Bank of America and EY Settle MOVEit Breach Claims for $2.5 Million

TL;DR: Bank of America and Ernst & Young agreed to a $2.5 million settlement to resolve claims tied to the 2023 MOVEit data breach. The deal ends litigation over alleged failures to protect personal data exposed through the exploited file‑transfer software.

Context: In late May 2023, attackers exploited a zero‑day SQL injection flaw (CVE-2023-34362) in Progress Software’s MOVEit Transfer web application. The Cl0p ransomware group used the vulnerability to install webshells, exfiltrate data from thousands of organizations, and demand ransom. Bank of America and EY disclosed that customer and employee records were among the data taken, triggering class‑action suits alleging inadequate security controls.

Both firms issued breach notifications to affected customers in June 2023, citing exposure of names, Social Security numbers, and account details.
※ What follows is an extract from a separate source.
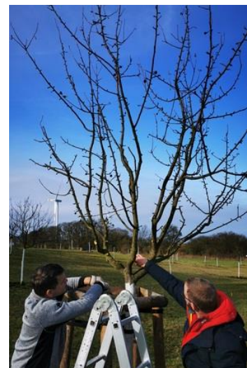
Abb.7: Schittberatung am 22.2.23

Weiterführende Informationen können Sie bei Bedarf unter unten angegebener Adresse erhalten.

State attorneys general opened investigations, and the SEC filed a disclosure request regarding material cybersecurity incidents.

Key Facts: The settlement amount is $2.5 million, covering both firms’ liability for the breach‑related claims. No admission of wrongdoing was part of the agreement. The MOVEit incident affected over 2,600 entities and exposed roughly 60 million records globally, making it one of the largest supply‑chain cyber events of 2023. Investigators traced the attack to TTPs including T1190 (Exploit Public‑Facing Application), T1059.003 (Windows Command Shell), and T1070.004 (File Deletion) per MITRE ATT&CK.

What It Means: For security teams, the settlement underscores the financial risk of third‑party software vulnerabilities and the importance of rapid patching. Organizations should prioritize applying CISA’s emergency directive for MOVEit, disabling unused HTTP methods, and deploying web‑application firewalls that block SQL injection patterns. Monitoring for webshell indicators (e.g., unexpected ASPX files in MOVEit directories) and enforcing least‑privilege access can limit damage. Regulators may increase scrutiny of vendor‑management programs, so maintaining up‑to‑date inventories and contractual security clauses is advisable.

Defenders can hunt for the Indicators of Compromise shared by CISA, including specific file hashes and registry keys linked to the Cl0p webshell. Implementing network segmentation around file‑transfer servers limits lateral movement if a webshell is deployed.

What to watch next: Watch for additional settlements or regulatory fines as more MOVEit‑affected firms conclude litigation, and monitor whether Progress Software releases further hardening guidance for its file‑transfer suite.